_DATASET ENTRIES_.
Start of Block
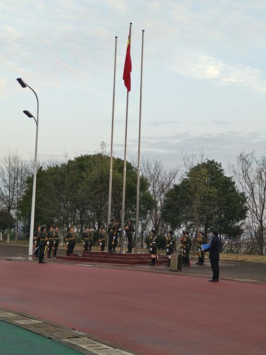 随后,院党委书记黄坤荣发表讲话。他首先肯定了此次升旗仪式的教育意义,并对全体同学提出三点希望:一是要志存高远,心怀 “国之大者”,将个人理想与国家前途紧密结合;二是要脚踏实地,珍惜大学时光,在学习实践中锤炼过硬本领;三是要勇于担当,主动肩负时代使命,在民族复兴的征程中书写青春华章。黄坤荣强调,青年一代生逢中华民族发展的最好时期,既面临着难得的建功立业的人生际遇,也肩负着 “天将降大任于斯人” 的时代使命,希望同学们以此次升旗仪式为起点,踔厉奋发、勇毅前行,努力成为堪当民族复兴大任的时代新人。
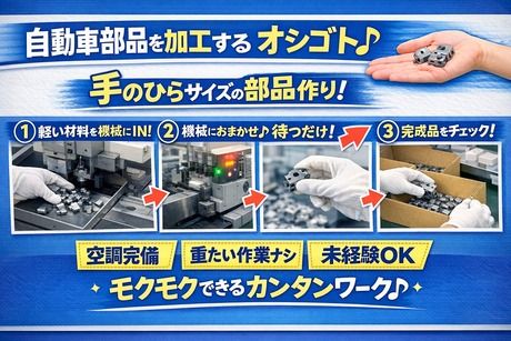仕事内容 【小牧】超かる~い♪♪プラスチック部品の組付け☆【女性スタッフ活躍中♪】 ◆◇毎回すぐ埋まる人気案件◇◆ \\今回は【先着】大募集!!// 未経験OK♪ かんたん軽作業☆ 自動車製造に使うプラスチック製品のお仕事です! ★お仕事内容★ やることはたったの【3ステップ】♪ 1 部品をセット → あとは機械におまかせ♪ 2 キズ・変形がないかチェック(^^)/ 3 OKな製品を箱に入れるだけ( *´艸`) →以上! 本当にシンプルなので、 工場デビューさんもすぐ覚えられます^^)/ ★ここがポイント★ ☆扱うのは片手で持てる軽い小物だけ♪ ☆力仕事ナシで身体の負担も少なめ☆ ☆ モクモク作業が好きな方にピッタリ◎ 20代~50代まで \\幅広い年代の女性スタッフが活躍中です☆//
End of Block
Start of Block
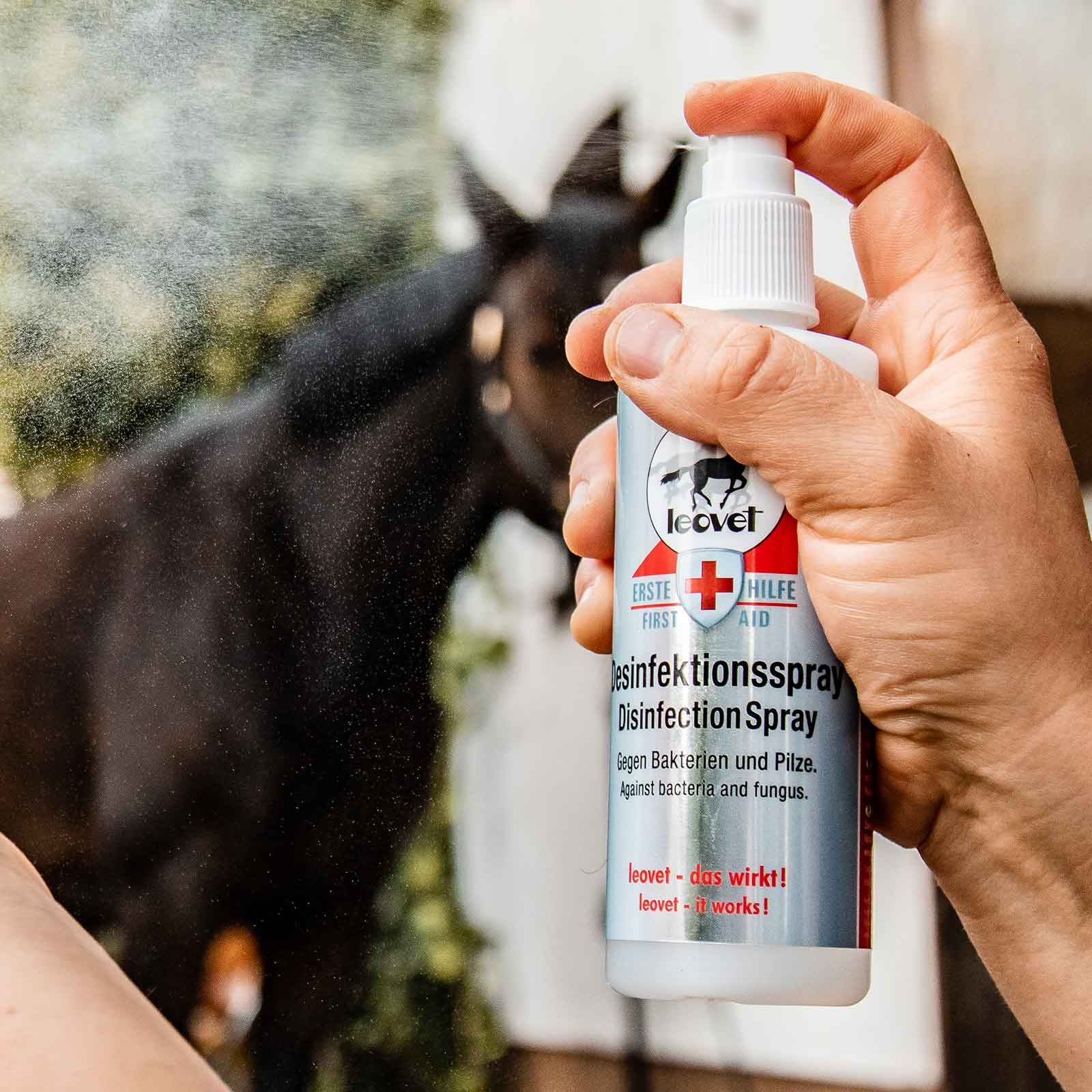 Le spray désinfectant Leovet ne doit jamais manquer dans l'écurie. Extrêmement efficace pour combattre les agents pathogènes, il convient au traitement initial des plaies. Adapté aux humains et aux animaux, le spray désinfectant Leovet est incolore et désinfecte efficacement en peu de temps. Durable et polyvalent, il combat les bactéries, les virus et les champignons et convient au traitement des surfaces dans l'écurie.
End of Block
Start of Block
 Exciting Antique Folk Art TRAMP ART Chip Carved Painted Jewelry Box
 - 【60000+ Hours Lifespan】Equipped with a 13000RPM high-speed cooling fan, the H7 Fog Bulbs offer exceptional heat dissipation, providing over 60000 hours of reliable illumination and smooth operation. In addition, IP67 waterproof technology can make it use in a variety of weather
End of Block
_ACTION ITEM_. Copy out precisely the lines from the line with "Exciting Antique Folk" to the line with "- 【60000+ Hours" in the material above, including those two lines and omitting all the rest.

_THE ANSWER_.
 Exciting Antique Folk Art TRAMP ART Chip Carved Painted Jewelry Box
 - 【60000+ Hours Lifespan】Equipped with a 13000RPM high-speed cooling fan, the H7 Fog Bulbs offer exceptional heat dissipation, providing over 60000 hours of reliable illumination and smooth operation. In addition, IP67 waterproof technology can make it use in a variety of weather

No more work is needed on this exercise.